In Mozingo v. Pitt Cty. Mem. Hosp., Inc. (1992), 331 N.C. 182, 415 S.E.2d 341, the Supreme Court of North Carolina held that a physician who undertook to provide on-call supervision of obstetrics residents at a teaching hospital owed the infant plaintiff and his parents a duty of reasonable care in supervising the residents who delivered plaintiff at his birth.

In that case, Sandra Dee Mozingo was admitted to Pitt County Memorial Hospital on the afternoon of December 5, 1984, for the delivery of her second child, plaintiff Alton Ray Mozingo, Jr. At 5:00 p.m. that same day, defendant Dr. Richard John Kazior began his assignment to provide on-call coverage for the obstetrics residents at the hospital. Dr. Kazior remained at his home available to take telephone calls from the residents until shortly before 9:45 p.m., when he received a call from one of the residents informing him of a problem with the delivery of Alton. Dr. Kazior immediately left his home, but when he arrived at the hospital the delivery of Alton had already been completed.

The plaintiffs in Mozingo (Alton and his father) claimed that Dr. Kazior had negligently supervised the residents who cared for Alton and his mother during his birth. However, there was no claim that Dr. Kazior was negligent in responding to the telephone call from the hospital or in anything he did or failed to do after receiving the call. Instead, the plaintiffs’ claim for negligent supervision was based on what Dr. Kazior failed to do prior to receiving the request for assistance. Specifically, plaintiffs submitted the affidavit of a medical expert who stated that Dr. Kazior had a responsibility as the supervising physician to call the hospital at the beginning of his coverage shift to find out what obstetrical patients had been admitted, their condition, and to formulate a plan of management, and also to call periodically thereafter to check on their status. Since it was undisputed that prior to receiving the phone call, Dr.
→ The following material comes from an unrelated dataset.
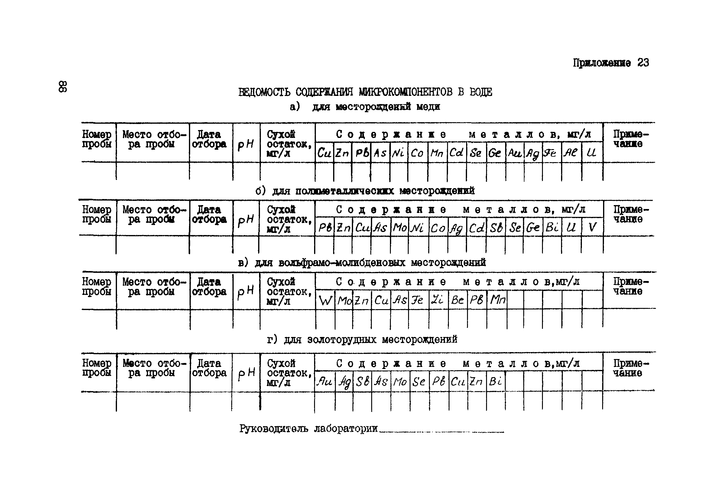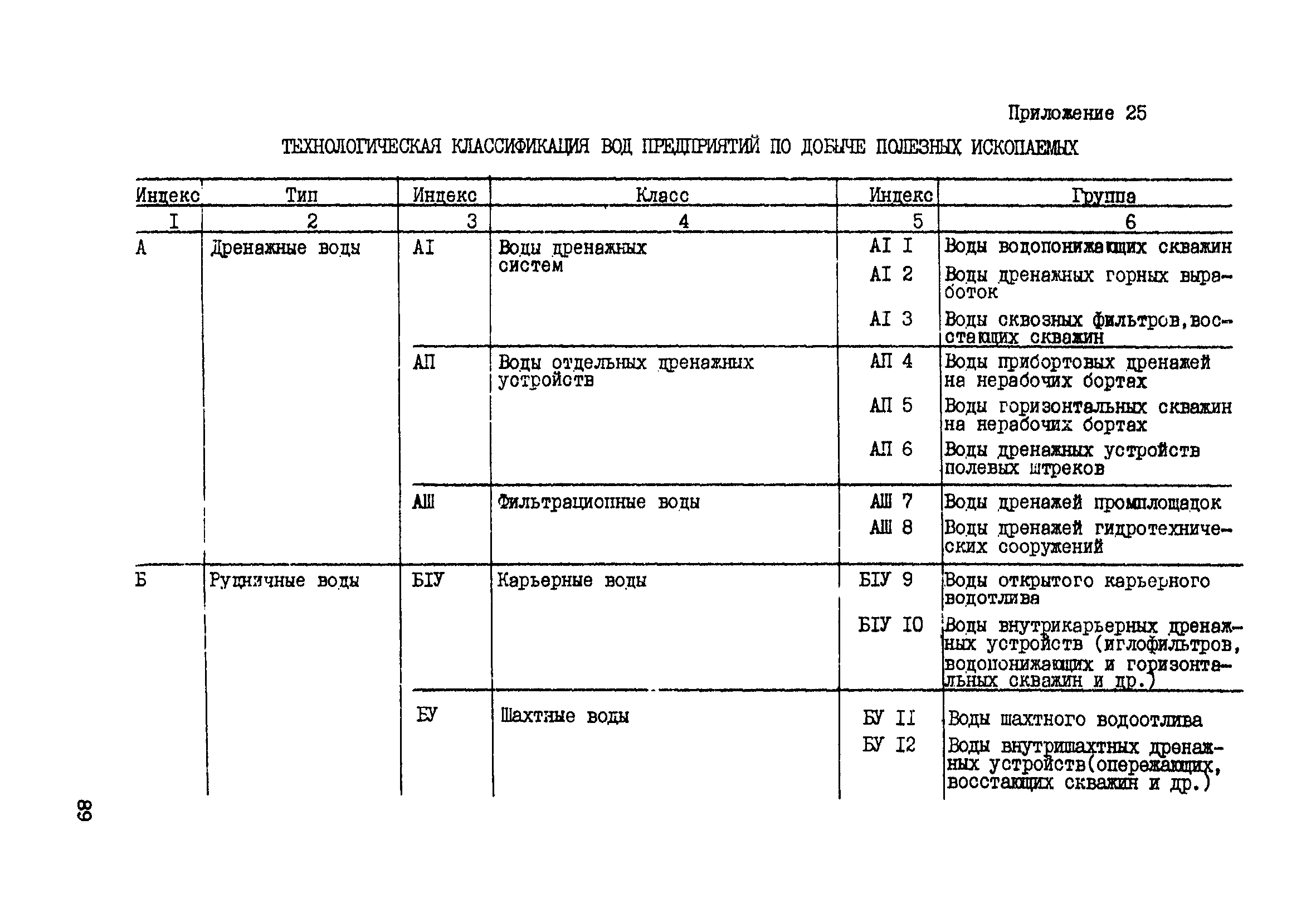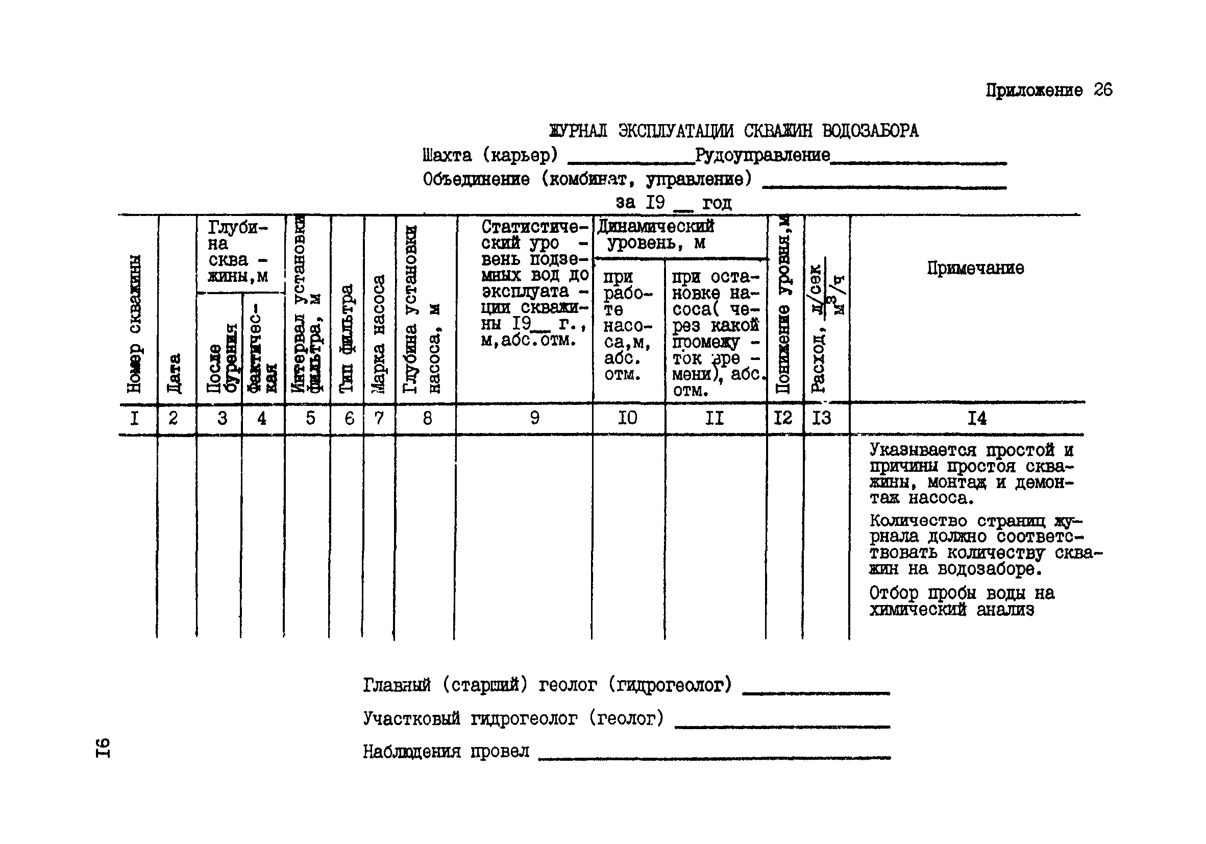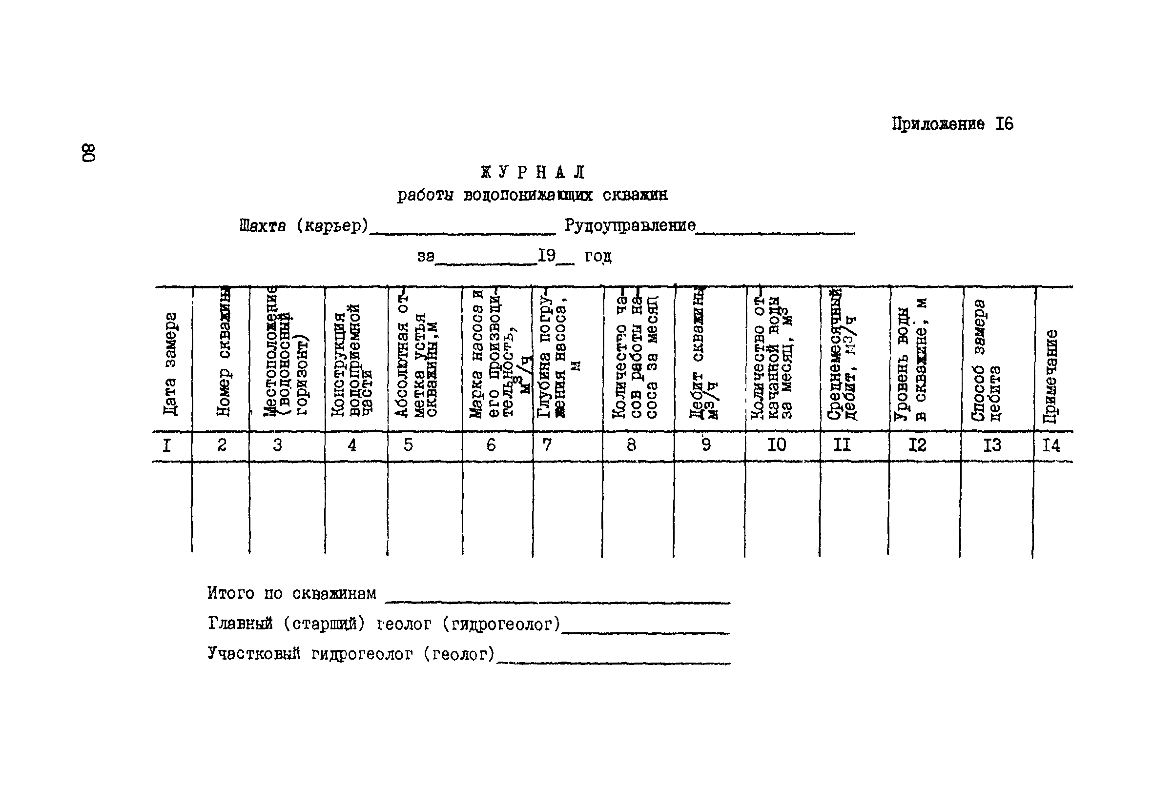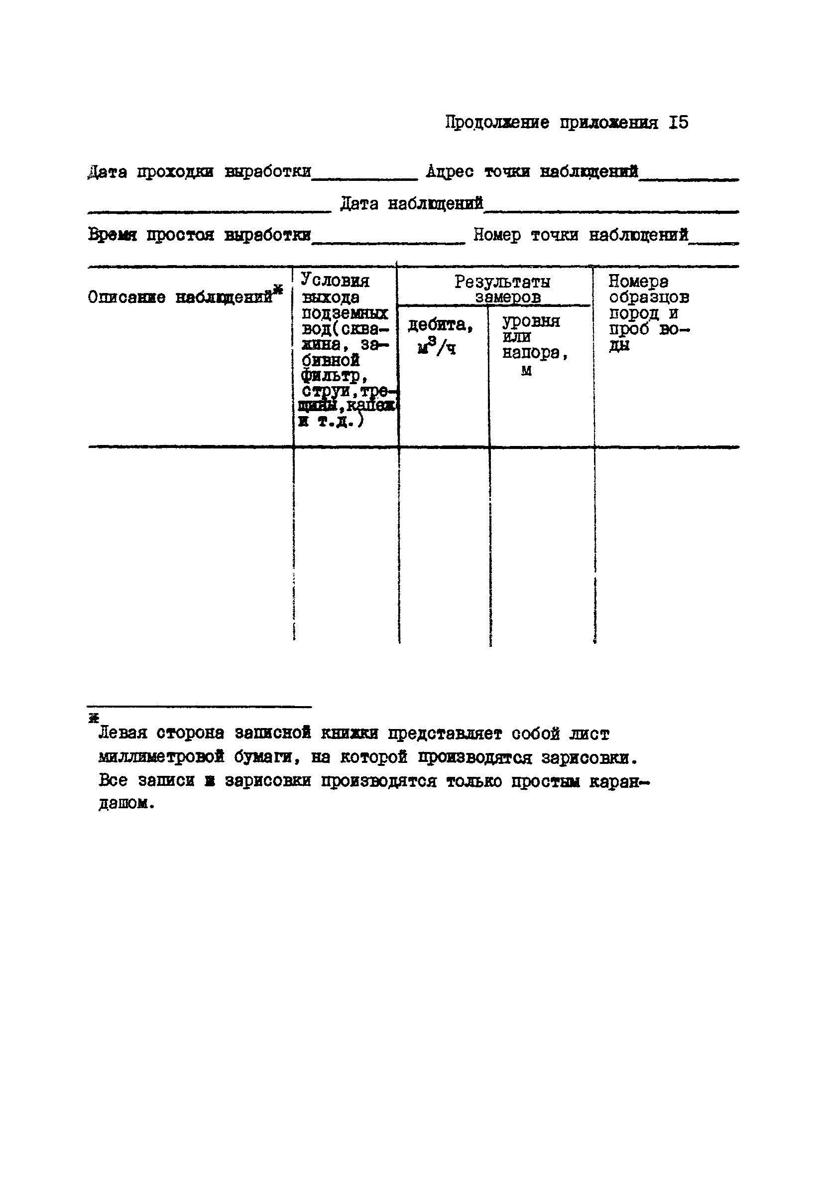 | Оглавление: | 1 Общие положения 2 Гидрогеологические и инженерно-геологические работы в подземных горных выработках 2.1 Наблюдения за деформациями горных выработок 2.2 Наблюдения за водопритоками в горные выработки 2.3 Наблюдения за химическим составом подземных и загрязненных подземных вод 2.4 Наблюдения при бурении разведочных, опережающих и дренажных скважин 2.5 Гидрогеологическая съемка 2.6 Специальные наблюдения 2.7 Геокриологические наблюдения 3 Гидрогеологические и инженерно-геологические работы в открытых горных выработках 3.1 Наблюдения за устойчивостью и деформациями уступов, бортов карьеров и отвалов породы 3.2 Наблюдение за водопритоками 3.3 Наблюдения за химическим составом подземных и загрязненных карьерных вод 3.4 Гидрогеологическая съемка карьера 3.5 Специальные наблюдения в карьере 3.6 Геокриологические наблюдения 3.7 Наблюдения за ливневыми и поверхностными водами 4 Наблюдения при сооружении и эксплуатации дренажных систем карьерных и шахтных полей 4.1 Наблюдения при сооружении и эксплуатации системы водопонижающих скважин 4.2 Наблюдения при сооружении и эксплуатации подземного дренажного комплекса 5 Гидрогеологические и инженерно-геологические наблюдения на поверхности в пределах горного отвода 5.1 Гидрогеологическое и инженерно-геологическое обследование на поверхности 5.2 Наблюдения за режимом поверхностных вод 5.3 Наблюдения за режимом подземных вод 6 Гидрогеологические наблюдения по охране водных ресурсов 7 Специальные гидрохимические наблюдения для оценки агрессивного воздействия подземных и рудничных вод на крепь, армировку и оборудование подземных горных выработок 7.1 Оценка агрессивности вод 7.2 Периодичность и правила отбора проб воды 8 Гидрогеологические наблюдения по рациональному использованию подземных вод и водоснабжению предприятий 9 Первичный учет использования вод 10 Камеральная обработка результатов наблюдений и отчетность Литература Приложение 1. Комплекс гидрогеологических и инженерно—геологических наблюдений при подземном способе разработки месторождений Приложение 2. Комплекс гидрогеологических и инженерно—геологических наблюдений при открытом способе разработки месторождений Приложение 3. Характеристика сложности инженерно—геологических условий разработки месторождений Приложение 4. Классификация месторождений полезных ископаемых по гидрогеологическим и инженерно—геологическим условиям освоения Приложение 5. Примерный перечень исходной документации Приложение 6. Приборы и оборудование для проведения гидрогеологических и инженерно—геологических наблюдений Приложение 7. Журнал регистрации проб для лабораторного определения физико—механических свойств Приложение 8. Журнал замеров водопритоков по стволам шахт Приложение 9. Журнал работы водопонижающих колодцев и иглофильтровых установок Приложение 10. Журнал работы забивных (сквозных) фильтров, восстающих и горизонтальных дренажных скважин Приложение 11. Журнал наблюдений за работой насосов водоотлива Приложение 12. Журнал замеров притока воды в шахту (карьер) Приложение 13. Акт прорыва воды в шахту (карьер) Приложение 14. Ведомость отбора проб воды на химические анализы Приложение 15. Записная книжка-дневник гидрогеолога Приложение 16. Журнал работы водопонижающих скважин Приложение 17. Журнал замеров уро

Kazior was never in direct contact with the patient, consulted by the treating residents, or in any way involved in the patient’s care, the issue presented in Mozingo is precisely the question confronting us in this case.

In resolving this issue, the court in Mozingo explained:

“[W]e conclude that the defendant’s duty of reasonable care in supervising the residents was not diminished by the fact that his relationship with the plaintiffs did not fit traditional notions of the doctor-patient relationship.

“The modern provision of medical care is a complex process becoming increasingly more complicated as medical technology advances. Large teaching hospitals, such as the Hospital in the present case, care for patients with teams of professionals, some of whom never actually come in contact with the treated *237patient but whose expertise is nevertheless vital to the treatment and recovery of patients.

“Medical professionals may be held accountable when they undertake to care for a patient and their actions do not meet the standard of care for such actions as established by expert testimony. Thus, in the increasingly complex modern delivery of health care, a physician who undertakes to provide on-call supervision of residents actually treating a patient may be held accountable to that patient, if the physician negligently supervises those residents and such negligent supervision proximately causes the patient’s injuries.” (Citations omitted.) Id., 331 N.C. at 188-189, 415 S.E.2d at 345.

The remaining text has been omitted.